Para descubrir cómo hemos llegado a esta situación es preciso comprender la narrativa del progreso –profesada hoy tanto por la derecha como por la izquierda– que conforma las percepciones occidentales. El colapso soviético fue una derrota para el comunismo, una ideología típicamente progresista. Nunca hubo expectativas de una Rusia poscomunista que adoptara el neoliberalismo (otro modelo occidental). Lo que siempre estuvo en juego fue algo parecido a la Rusia de Putin; sin embargo, la reiteración de la historia no forma parte del libreto del progreso. La mayoría de nuestros líderes son discípulos contemporáneos de Woodrow Wilson y mantienen una fe religiosa en lo que Francis Fukuyama describió como “la marcha de la historia hacia la democracia global”. La prosperidad lleva al aburguesamiento y este trae consigo los valores liberales, o al menos eso creen los líderes.
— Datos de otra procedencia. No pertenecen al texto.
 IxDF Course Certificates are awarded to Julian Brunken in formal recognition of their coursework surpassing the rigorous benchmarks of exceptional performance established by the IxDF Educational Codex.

Rusia –rica, nacionalista y autoritaria– no encaja en este cuento de hadas del progreso, y la reacción de Occidente es una mezcla de bravuconería amenazante y de pánico creciente.
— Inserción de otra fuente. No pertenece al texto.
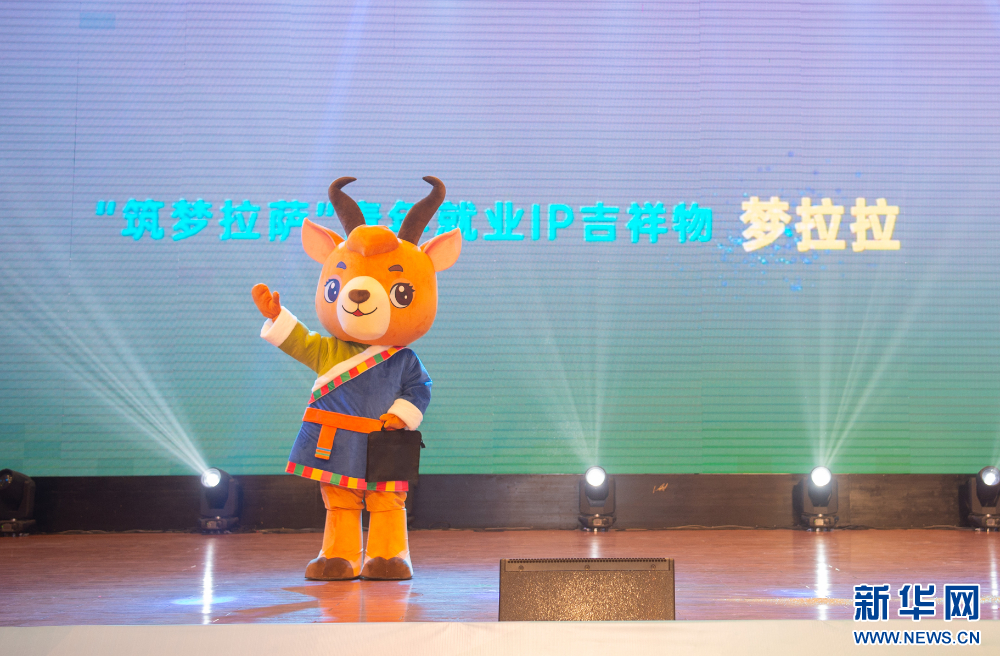 4月27日,活動現(xiàn)場公布“筑夢拉薩”青年就業(yè)IP吉祥物“夢拉拉”。新華網(wǎng) 旦增努布 攝

Nada es más erróneo que hablar de una nueva Guerra Fría. Lo que estamos presenciando es el fin de la era posterior a la Guerra Fría, una renovación de los conflictos geopolíticos al estilo de lo ocurrido a finales del siglo XIX. Con sus mentes nubladas por la charlatanería de la globalización, tan en boga, los líderes occidentales creen que la democracia liberal se propaga imparablemente. En la realidad, persiste la diversidad política. Las repúblicas y los imperios, las democracias liberales y no liberales, así como una gran variedad de regímenes autoritarios, nos acompañarán en el futuro inmediato, sin importar qué tan globalizado esté el mundo. La globalización no es más que la continua industrialización del planeta, y el recurso al nacionalismo, cada vez mayor, es parte integral de tal proceso. (De la misma manera que el cambio climático acelerado, pero esa es otra historia.) Conforme avanza la industrialización, los países que controlan los recursos naturales pueden utilizar dichos recursos para defender sus objetivos estratégicos. Al servirse de los recursos energéticos como una arma, Rusia no se resiste a la globalización, sino que explota sus contradicciones.
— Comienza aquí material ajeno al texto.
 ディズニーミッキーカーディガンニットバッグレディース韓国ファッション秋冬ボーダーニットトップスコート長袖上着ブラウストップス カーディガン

Estamos de vuelta en la política de las grandes potencias, de las alianzas y las esferas de influencia fluctuantes. La diferencia es que Occidente ya no está al mando. Rusia, China, la India y los estados del Golfo, con sus historias diversas y sus intereses marcadamente opuestos en ocasiones, no van a formar ningún tipo de bloque. Pero son estos países los que configuran el desarrollo mundial al inicio del siglo XXI. Estados Unidos –con la nacionalización de sus instituciones hipotecarias en quiebra y con su gigantesca máquina de guerra eficazmente financiada por préstamos extranjeros– está en franca decadencia. El sistema financiero pasa por el peor caos desde la década de los treinta, y la capacidad de Occidente para definir los acontecimientos se reduce cada día. Después de Iraq, sermonear sobre las “relaciones internacionales basadas en la legalidad” resulta risible, y en el fondo no muestra más que la nostalgia por una hegemonía que se ha esfumado.
Occidente, que mantiene una idea ilusoria sobre su lugar real en el mundo, desestima el riesgo de intervenir en las zonas aledañas a Rusia. La debilidad de este país es bien conocida: el declive demográfico, el nepotismo en la economía y un intenso sentimiento de humillación nacional; pero las vulnerabilidades occidentales no son menos reales. Nuestros líderes sostienen aún que Rusia nos necesita tanto como nosotros necesitamos de Rusia. En realidad, pese a un contratiempo reciente, la inversión en Rusia es un efecto del mercado global que seguirá en pie mientras continúe siendo redituable, mientras que las reservas energéticas rusas pueden ser restringidas a voluntad por el gobierno. Los economistas nos dirán que el país depende demasiado de su petróleo. Sin embargo, las reservas petroleras del mundo están llegando a sus máximos conforme avanza la globalización, y Rusia tendrá la oportunidad de salir ganando con cualquier conflicto internacional en que el abastecimiento se vea interrumpido. Occidente también necesita a Rusia si es que quiere desactivar la crisis nuclear iraní de forma pacífica, y, sin la cooperación logística de Rusia, las fuerzas de la otan se enfrentarán a dificultades aún mayores para conducir la guerra de Afganistán, esa guerra sin rumbo, sin posibilidad de victoria, hacia cualquier tipo de conclusión.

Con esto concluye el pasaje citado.